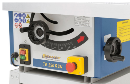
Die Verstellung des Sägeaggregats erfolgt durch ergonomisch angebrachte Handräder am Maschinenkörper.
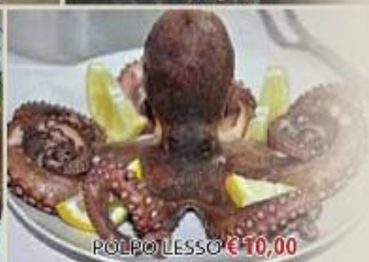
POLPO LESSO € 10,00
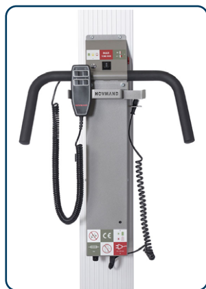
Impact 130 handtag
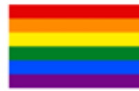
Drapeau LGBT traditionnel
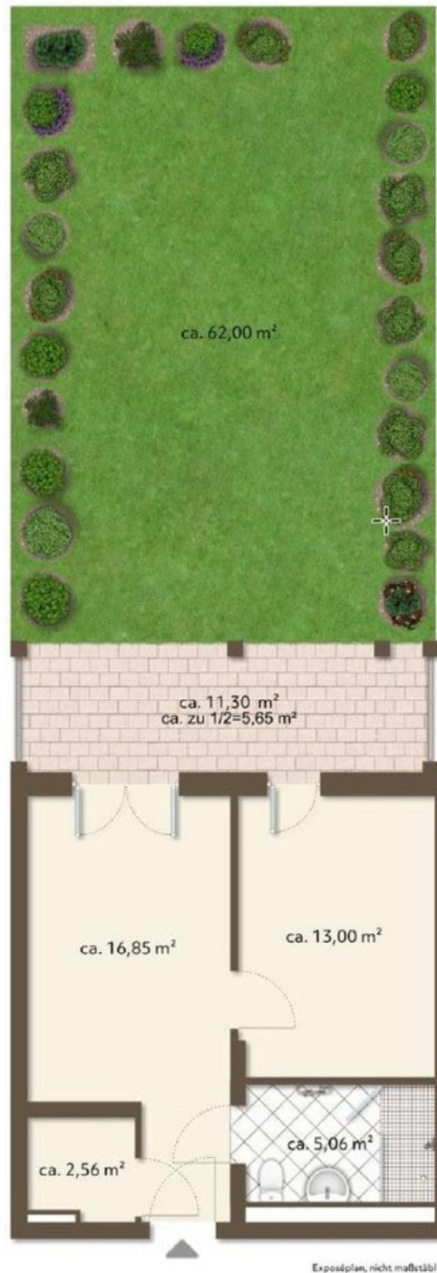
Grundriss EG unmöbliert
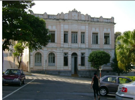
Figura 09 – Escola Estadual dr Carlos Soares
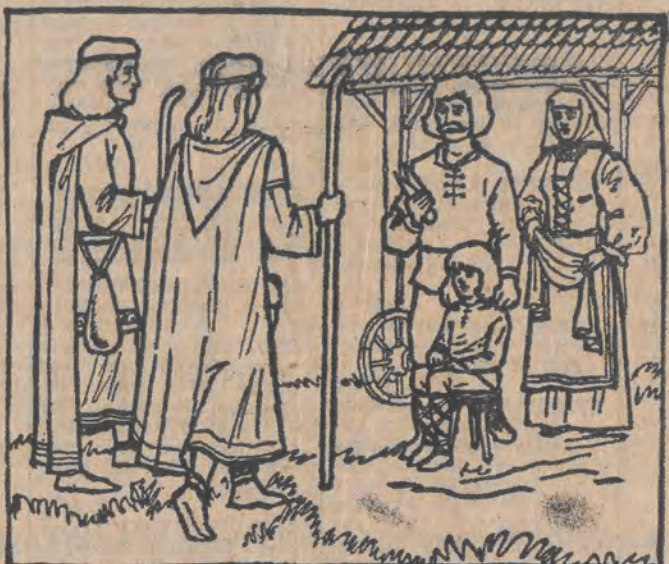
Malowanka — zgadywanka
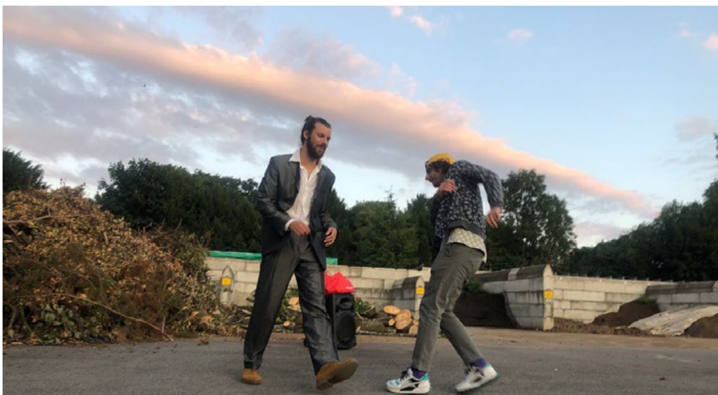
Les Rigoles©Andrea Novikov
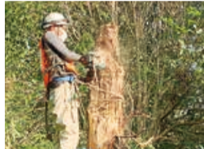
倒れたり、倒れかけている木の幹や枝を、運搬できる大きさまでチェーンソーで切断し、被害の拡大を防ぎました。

- [Instructions to follow]
The entries above are to be reproduced exactly, with the pictures dropped.

- [Result of the exercise]
Die Verstellung des Sägeaggregats erfolgt durch ergonomisch angebrachte Handräder am Maschinenkörper.
POLPO LESSO € 10,00
Impact 130 handtag
Drapeau LGBT traditionnel
Grundriss EG unmöbliert
Figura 09 – Escola Estadual dr Carlos Soares
Malowanka — zgadywanka
Les Rigoles©Andrea Novikov
倒れたり、倒れかけている木の幹や枝を、運搬できる大きさまでチェーンソーで切断し、被害の拡大を防ぎました。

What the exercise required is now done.